* Something I found very amusing: the average life expectancy was probably about 20, because 21's the absolute maximum and there would have been significant deaths from failing infrastructure. This means that under the UN's current criteria, the Human Development Index of this society is ''negative''.
* At the end of ''Film/LogansRun'', [[spoiler:the evil computer is blown up and all the people set '''free!''' Everyone goes outdoors and sees the sky and the trees. This is an entire population that has been given free food, water, shelter, heat, and clothes for their entire lives. Now they're in the wilderness with no knowledge, tools, or even clothing heavier than lingerie. [[NoEndorHolocaust They're all going to die.]]]] This probably also happened every time [[Series/StarTrekTheOriginalSeries Captain Kirk]] saved a population from a controlling computer.
** Stealthily [[AscendedFridgeHorror acknowledged]]: the credits imply their doom by running blended shots of the doomed people flying over the Carousel over shots of the burned-out remains of the city.
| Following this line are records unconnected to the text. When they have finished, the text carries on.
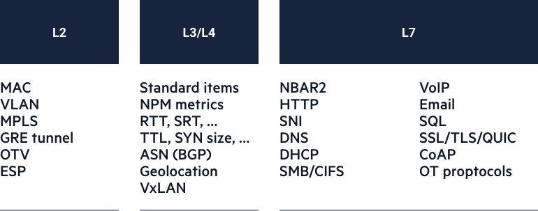 Flowmon には幅広い互換性があり、様々なシステムのネットワーク機能を強化できます。スイッチ、ルーター、ネットワークアクセスコントロール、ロードバランサー、パケットブローカー、ファイアウォールを活用して、ネットワークテレメトリ データをよりシームレスに送信できます。このソリューションは、独自のフォーマットを含む多様なトラフィックフロー標準をサポートしています。アプリケーション層をより深く理解するには、Flowmon Probe が有用です。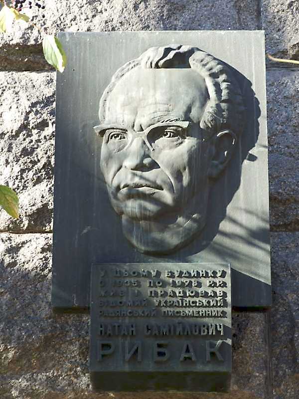 В 1935 – 1978 рр. в цьому будинку жив і працював письменник Н.С.Рибак, меморіальна дошка 1984 р. [Памятники истории и культуры Украинской ССР. – К.: 1987 г., с. 30].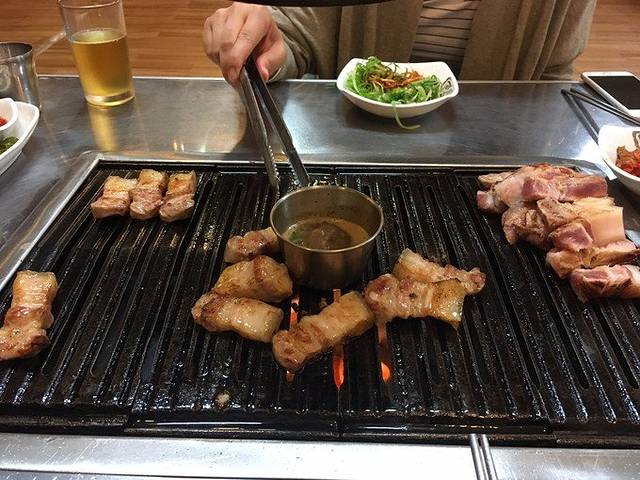 在济州岛的第一餐:宝健路上的喋喋不休烤肉 (人均 100元),凌晨00点吃饭好罪恶啊,说好的减肥呢?

At least the people Kirk rescued apparently still had their cities and machinery intact and a little Federation aid.
** The books ran a similar scenario; while there was certainly a social collapse and reversion to barbarism (even more so), humanity muddled through.
** On a more optimistic note, the old man must have some sort of survival skills and tools to have lived outside for that long though (quite healthily too, for someone looking like in their 60s). People can learn from him. Not a lot of hope but still quite some hope.
*** There is also the fact that they all can read, and books have survived whatever catastrophe wiped out the previous civilization, so they can learn from them too.
*** And of course there's the not-insigificant possibility that some other humans are still out there and can teach them how to survive. After all, that old man had to come from somewhere...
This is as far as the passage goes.